#### How to complete this task:
Transcribe each record exactly; skip any picture.

== Dataset extract ==

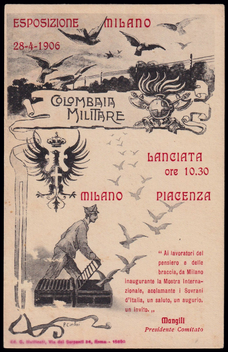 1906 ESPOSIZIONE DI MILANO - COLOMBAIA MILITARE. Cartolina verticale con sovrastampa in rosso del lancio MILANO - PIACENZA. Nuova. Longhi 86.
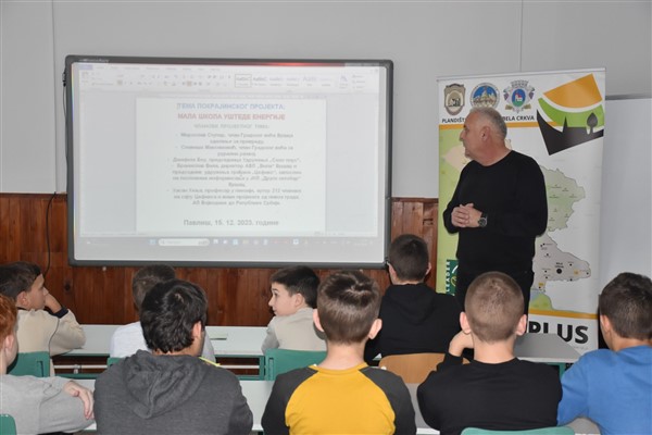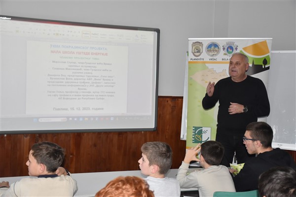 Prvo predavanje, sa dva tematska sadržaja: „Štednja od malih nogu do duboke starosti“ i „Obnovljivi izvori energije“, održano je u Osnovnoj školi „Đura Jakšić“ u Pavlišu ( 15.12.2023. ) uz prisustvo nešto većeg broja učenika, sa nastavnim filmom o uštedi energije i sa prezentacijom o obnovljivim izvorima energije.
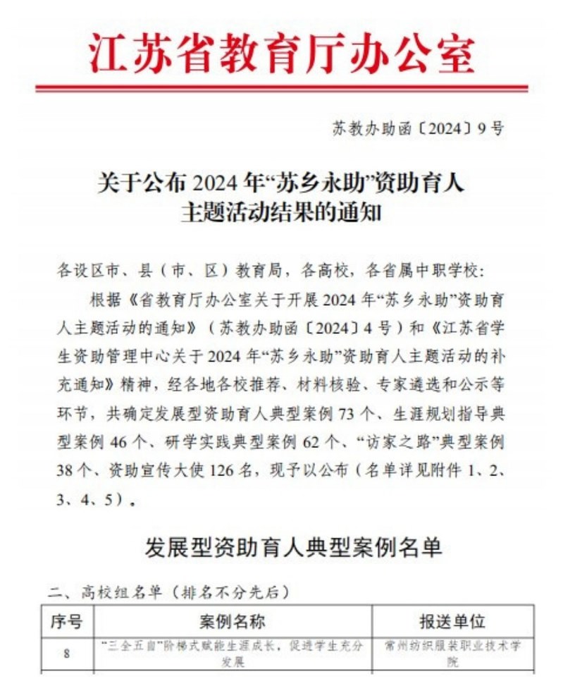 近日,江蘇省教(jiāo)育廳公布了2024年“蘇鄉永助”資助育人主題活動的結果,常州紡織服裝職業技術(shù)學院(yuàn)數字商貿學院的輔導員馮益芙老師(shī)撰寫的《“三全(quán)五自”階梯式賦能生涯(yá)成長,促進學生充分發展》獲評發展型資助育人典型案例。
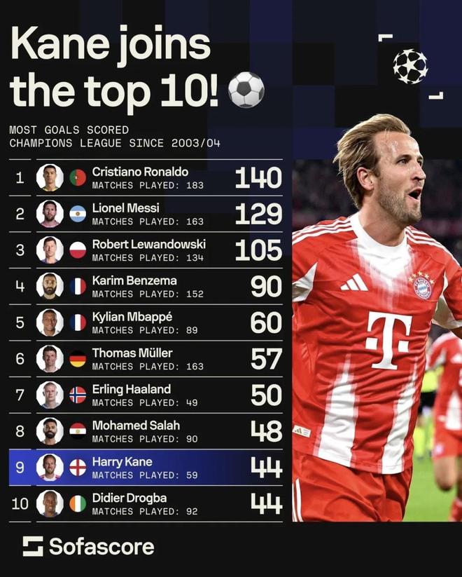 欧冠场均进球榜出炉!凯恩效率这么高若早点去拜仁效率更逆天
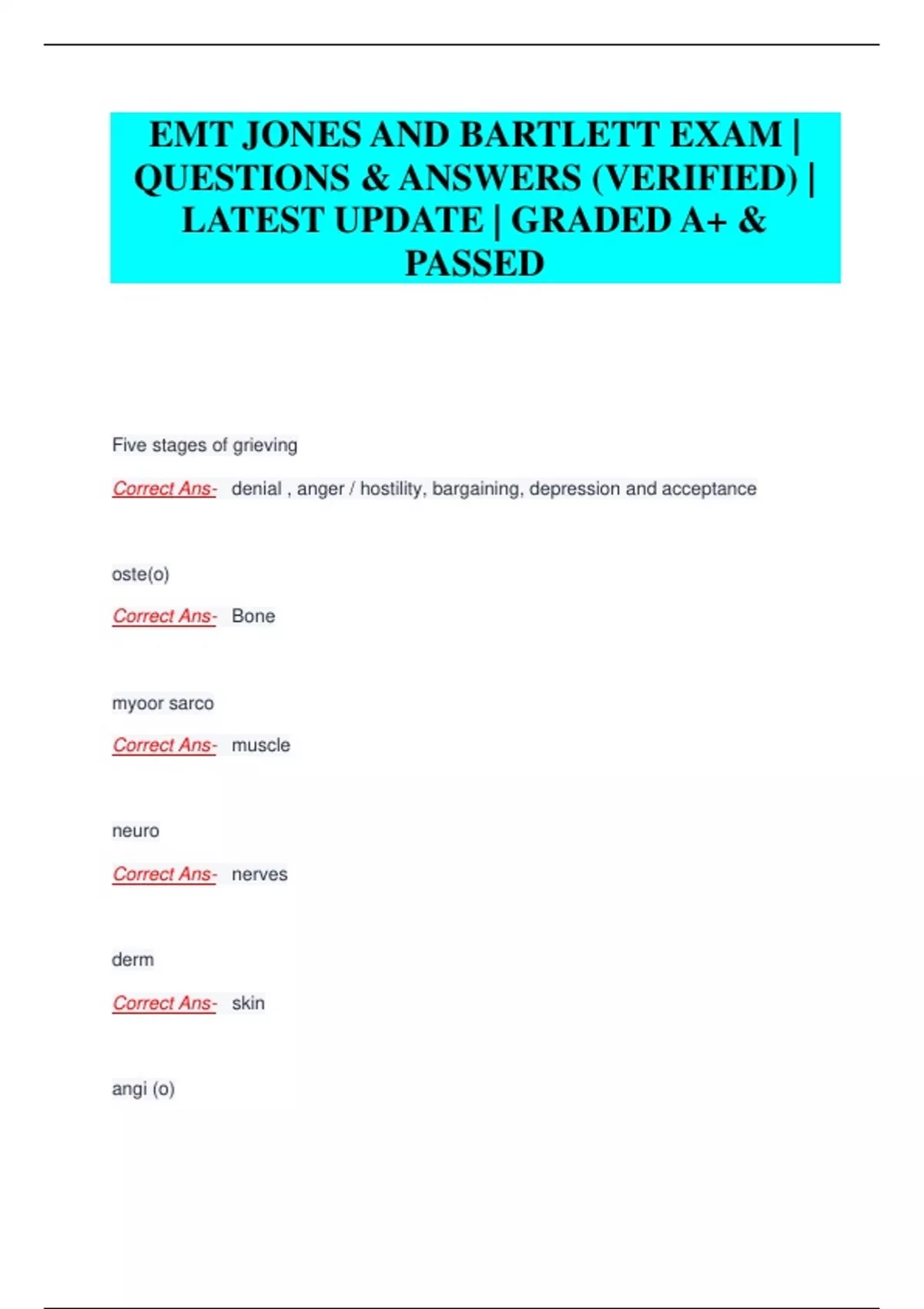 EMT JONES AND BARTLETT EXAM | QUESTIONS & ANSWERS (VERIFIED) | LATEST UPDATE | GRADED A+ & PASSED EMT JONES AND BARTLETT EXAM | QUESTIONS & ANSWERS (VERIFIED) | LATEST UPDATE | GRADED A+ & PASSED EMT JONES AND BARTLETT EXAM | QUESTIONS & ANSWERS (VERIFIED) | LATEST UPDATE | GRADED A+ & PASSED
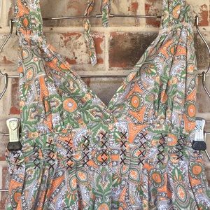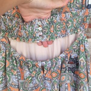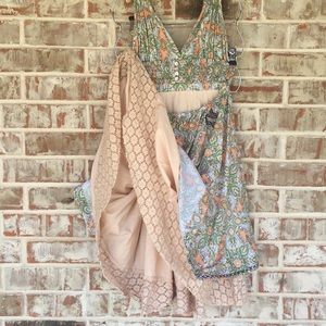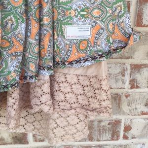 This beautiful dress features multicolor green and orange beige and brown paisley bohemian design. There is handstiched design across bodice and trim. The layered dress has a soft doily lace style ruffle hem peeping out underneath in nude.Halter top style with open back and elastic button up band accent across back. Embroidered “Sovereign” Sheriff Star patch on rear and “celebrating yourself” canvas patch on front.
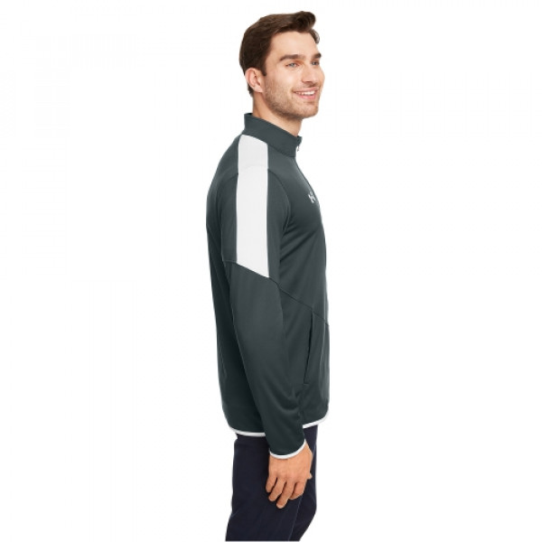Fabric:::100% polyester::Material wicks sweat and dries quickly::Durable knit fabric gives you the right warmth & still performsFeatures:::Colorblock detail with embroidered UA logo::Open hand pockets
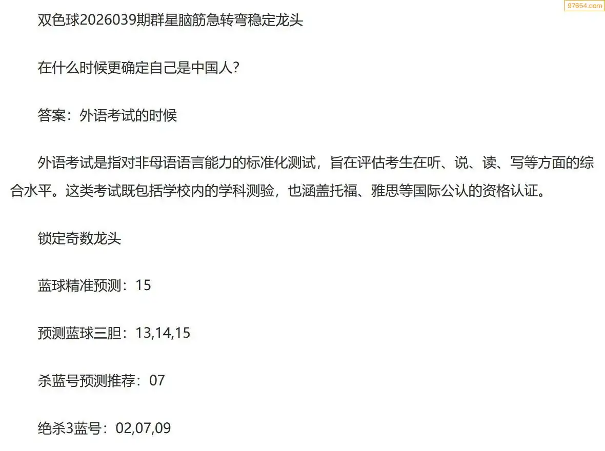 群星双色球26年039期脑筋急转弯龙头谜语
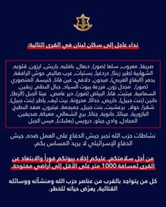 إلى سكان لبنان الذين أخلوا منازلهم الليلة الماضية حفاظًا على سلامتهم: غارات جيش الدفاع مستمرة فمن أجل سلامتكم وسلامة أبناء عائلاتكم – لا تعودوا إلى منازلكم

===

#### Solution:
 1906 ESPOSIZIONE DI MILANO - COLOMBAIA MILITARE. Cartolina verticale con sovrastampa in rosso del lancio MILANO - PIACENZA. Nuova. Longhi 86.
 Prvo predavanje, sa dva tematska sadržaja: „Štednja od malih nogu do duboke starosti“ i „Obnovljivi izvori energije“, održano je u Osnovnoj školi „Đura Jakšić“ u Pavlišu ( 15.12.2023. ) uz prisustvo nešto većeg broja učenika, sa nastavnim filmom o uštedi energije i sa prezentacijom o obnovljivim izvorima energije.
 近日,江蘇省教(jiāo)育廳公布了2024年“蘇鄉永助”資助育人主題活動的結果,常州紡織服裝職業技術(shù)學院(yuàn)數字商貿學院的輔導員馮益芙老師(shī)撰寫的《“三全(quán)五自”階梯式賦能生涯(yá)成長,促進學生充分發展》獲評發展型資助育人典型案例。
 欧冠场均进球榜出炉!凯恩效率这么高若早点去拜仁效率更逆天
 EMT JONES AND BARTLETT EXAM | QUESTIONS & ANSWERS (VERIFIED) | LATEST UPDATE | GRADED A+ & PASSED EMT JONES AND BARTLETT EXAM | QUESTIONS & ANSWERS (VERIFIED) | LATEST UPDATE | GRADED A+ & PASSED EMT JONES AND BARTLETT EXAM | QUESTIONS & ANSWERS (VERIFIED) | LATEST UPDATE | GRADED A+ & PASSED
 This beautiful dress features multicolor green and orange beige and brown paisley bohemian design. There is handstiched design across bodice and trim. The layered dress has a soft doily lace style ruffle hem peeping out underneath in nude.Halter top style with open back and elastic button up band accent across back. Embroidered “Sovereign” Sheriff Star patch on rear and “celebrating yourself” canvas patch on front.
Fabric:::100% polyester::Material wicks sweat and dries quickly::Durable knit fabric gives you the right warmth & still performsFeatures:::Colorblock detail with embroidered UA logo::Open hand pockets
 群星双色球26年039期脑筋急转弯龙头谜语
 إلى سكان لبنان الذين أخلوا منازلهم الليلة الماضية حفاظًا على سلامتهم: غارات جيش الدفاع مستمرة فمن أجل سلامتكم وسلامة أبناء عائلاتكم – لا تعودوا إلى منازلكم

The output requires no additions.